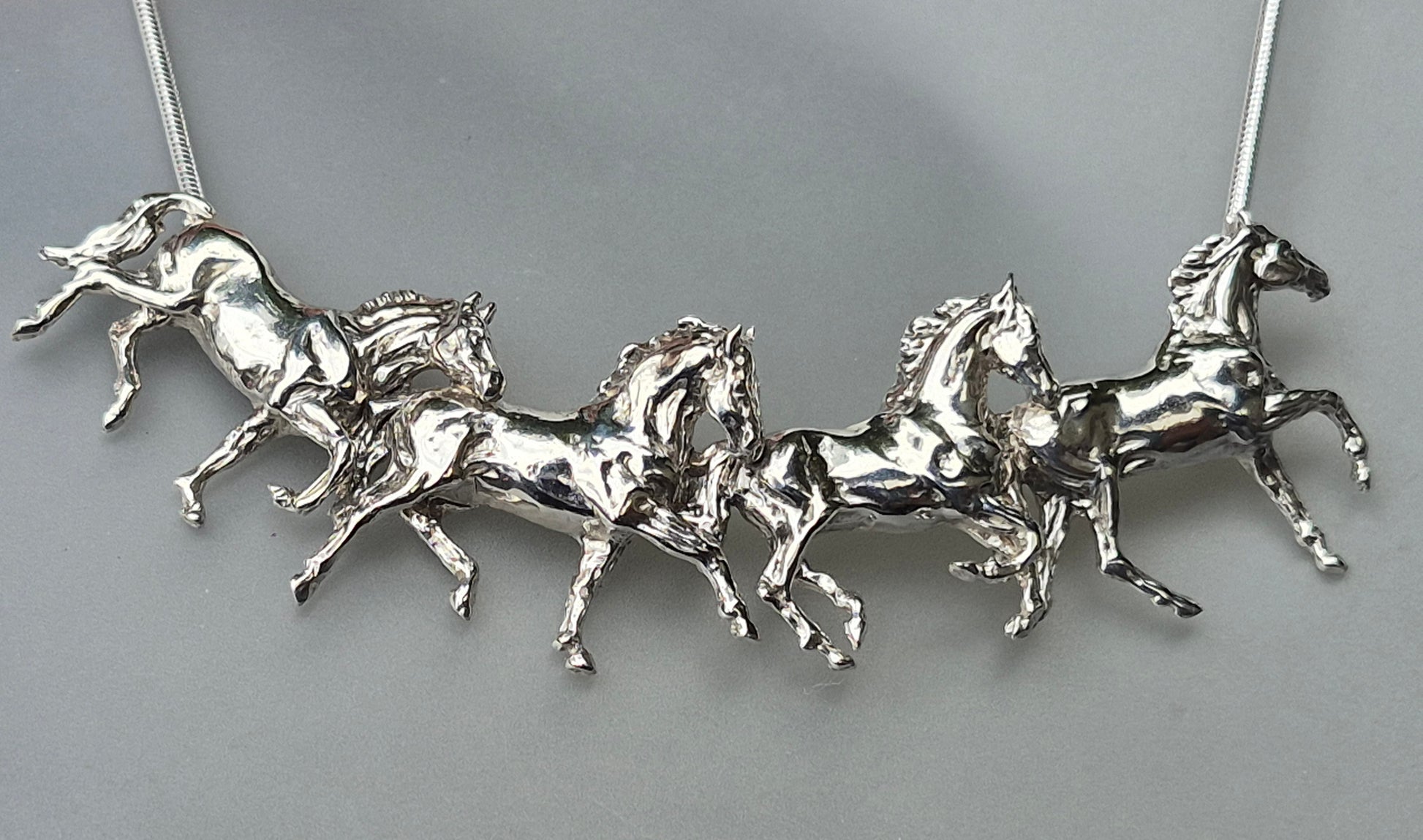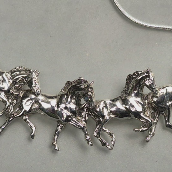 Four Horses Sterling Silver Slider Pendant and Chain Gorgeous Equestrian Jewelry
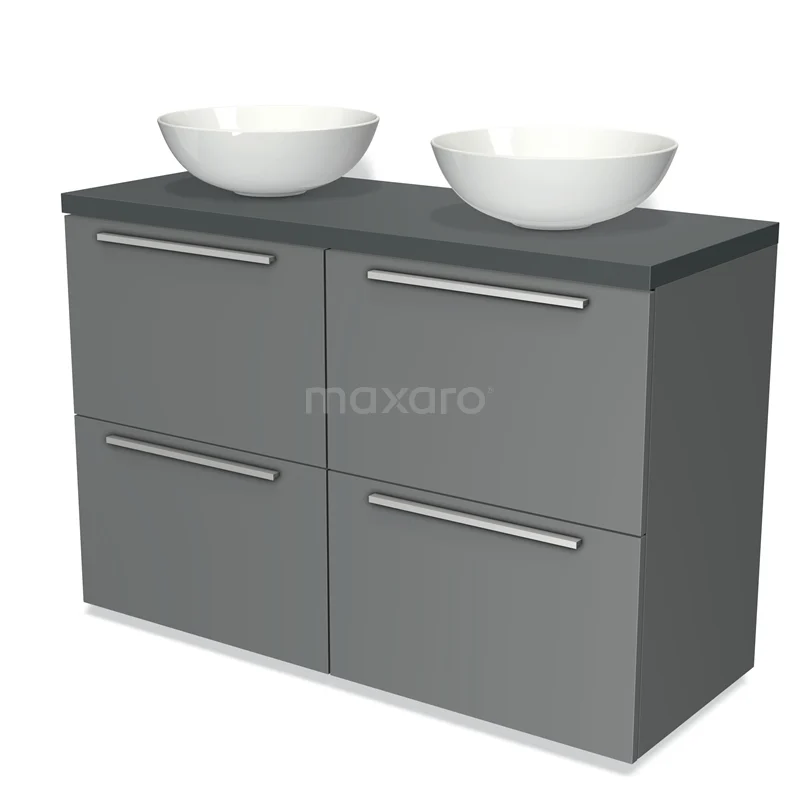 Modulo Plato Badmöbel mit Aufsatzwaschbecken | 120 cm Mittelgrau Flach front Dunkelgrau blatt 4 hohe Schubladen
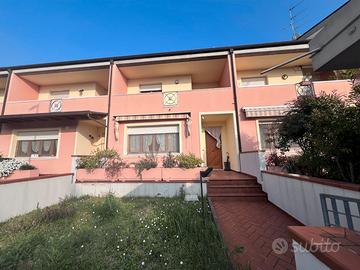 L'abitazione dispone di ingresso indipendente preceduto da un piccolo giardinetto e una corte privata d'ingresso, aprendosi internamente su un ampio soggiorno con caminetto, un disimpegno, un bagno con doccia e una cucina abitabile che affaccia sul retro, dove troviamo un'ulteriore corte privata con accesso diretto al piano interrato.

...

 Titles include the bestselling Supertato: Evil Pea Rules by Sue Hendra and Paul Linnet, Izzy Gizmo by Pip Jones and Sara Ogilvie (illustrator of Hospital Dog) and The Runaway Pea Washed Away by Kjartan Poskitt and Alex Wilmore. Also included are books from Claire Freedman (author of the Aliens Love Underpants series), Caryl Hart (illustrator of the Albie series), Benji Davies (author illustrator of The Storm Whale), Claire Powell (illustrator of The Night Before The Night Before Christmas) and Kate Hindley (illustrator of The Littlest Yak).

▶ **EXERCISE OBJECTIVE**: Everything above from the line that has "Modulo Plato Badmöbel" down to the line that has "L'abitazione dispone di" should be output exactly, with both of those lines included. Leave the pictures behind.

▶ **TASK SOLUTION**:
 Modulo Plato Badmöbel mit Aufsatzwaschbecken | 120 cm Mittelgrau Flach front Dunkelgrau blatt 4 hohe Schubladen
 L'abitazione dispone di ingresso indipendente preceduto da un piccolo giardinetto e una corte privata d'ingresso, aprendosi internamente su un ampio soggiorno con caminetto, un disimpegno, un bagno con doccia e una cucina abitabile che affaccia sul retro, dove troviamo un'ulteriore corte privata con accesso diretto al piano interrato.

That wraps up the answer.